When refractive index distribution is introduced in the core, thermal behavior of the monomer in the core changes in accordance with the density of the refractive index modifier. If the monomer is polymerized at a constant temperature, the relaxation ability in response to the shrinkage of the monomer is changed to cause bubbles and/or microscopic holes in the preform.

Moreover, it is desirable to polymerize at a proper temperature in accordance with the kind of the core monomer. Polymerization with low temperature decreases polymerization efficiency of the core monomer and incomplete polymerization to make the transmittance worse. On the other hand, high initial polymerization temperature causes bubbles in the core because of incomplete relaxation in response to volume shrinkage. With MMA as the raw material of the core, initial polymerization temperature is preferably 50° C. to 150° C., and more preferably, 80° C. to 120° C. It is effective in decreasing the bubbles to dehydrate and/or degas the monomer in a low-pressure atmosphere before injecting the monomer in the clad tube.

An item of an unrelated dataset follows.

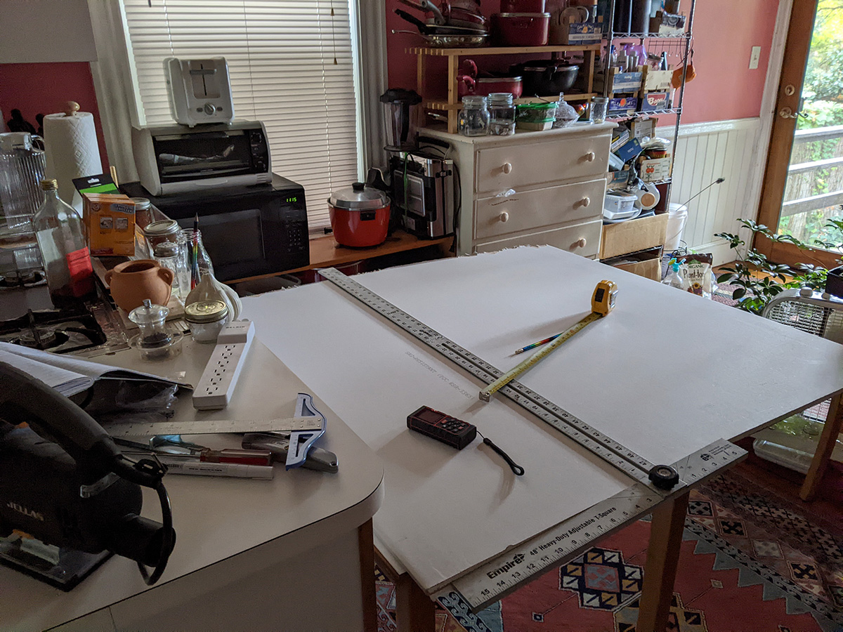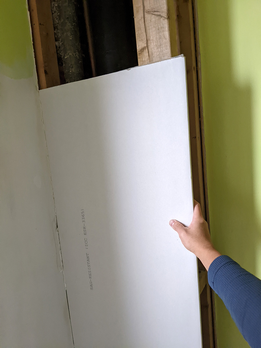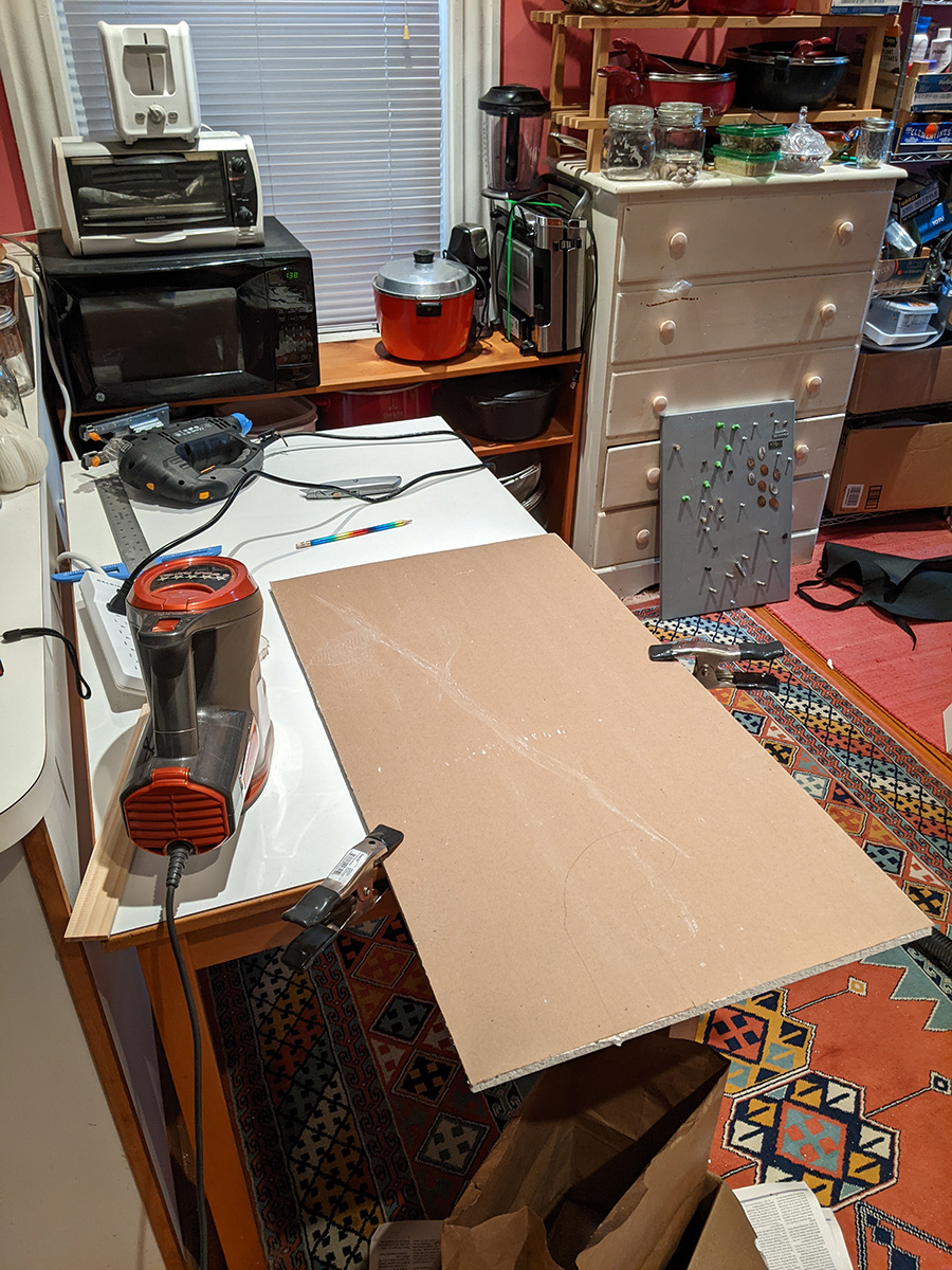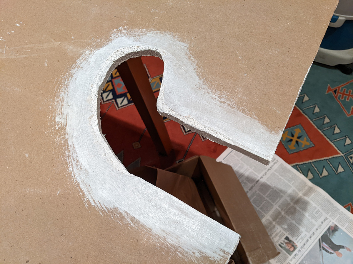 i figured it'd take a few cutout attempts before i got the right shape, for the first pass, i wasn't too worried about getting it exactly right. it was my first time using the jigsaw on drywall, i didn't think i'd get it perfect on my first try. when i went to see if the cutout drywall would fit, there were all sorts of issues. for one thing, my original template was relatively flat, so i didn't have to take the thickness of material into consideration. drywall is different, much thicker. second issue was with my original template i was able to insert the poster board inside of the wall; i couldn't do it with the drywall, so my measurements were off.

The polymerization initiator, having a ten-hour half-life temperature more than or equal to the boiling point of the monomer, is preferably used in polymerizing the monomer. It is preferable to polymerize the monomer at the initial polymerization temperature for a period that is equal to or more than ten percents of the half-life period of the polymerization initiator. The subsequent polymerization period is preferably equal to or more than the half-life period of the polymerization initiator. Moreover, it is preferable to carry out the subsequent polymerization at a temperature equal to or more than Tg and equal to or less than (Tg+40)° C. The temperature Tg is the glass transition temperature of the core monomer. Under these conditions, the initial polymerization speed is decreased enough for relaxation of the monomer in response to volume shrinkage. As a result, the amount of the bubbles in the preform is reduced.

When MMA is used as the core monomer, the examples of the polymerization initiators with a ten-hour half-life temperature more than or equal to the boiling point of the monomer are PBD and PHV. With PBD as the polymerization initiator, it is preferable to keep the initial polymerization temperature of 100° C. to 110° C. for 48 to 72 hours, and to keep the subsequent polymerization temperature of 120° C. to 140 C for 24 to 48 hours. When PHV is uses as the polymerization initiator, it is preferable to keep the initial polymerization temperature of 100° C. to 110° C. for 4 to 24 hours, and to keep the subsequent polymerization temperature of 120° C. to 140° C. for 24 to 48 hours. The polymerization temperature should be increased as rapid as possible, either gradually or continuously.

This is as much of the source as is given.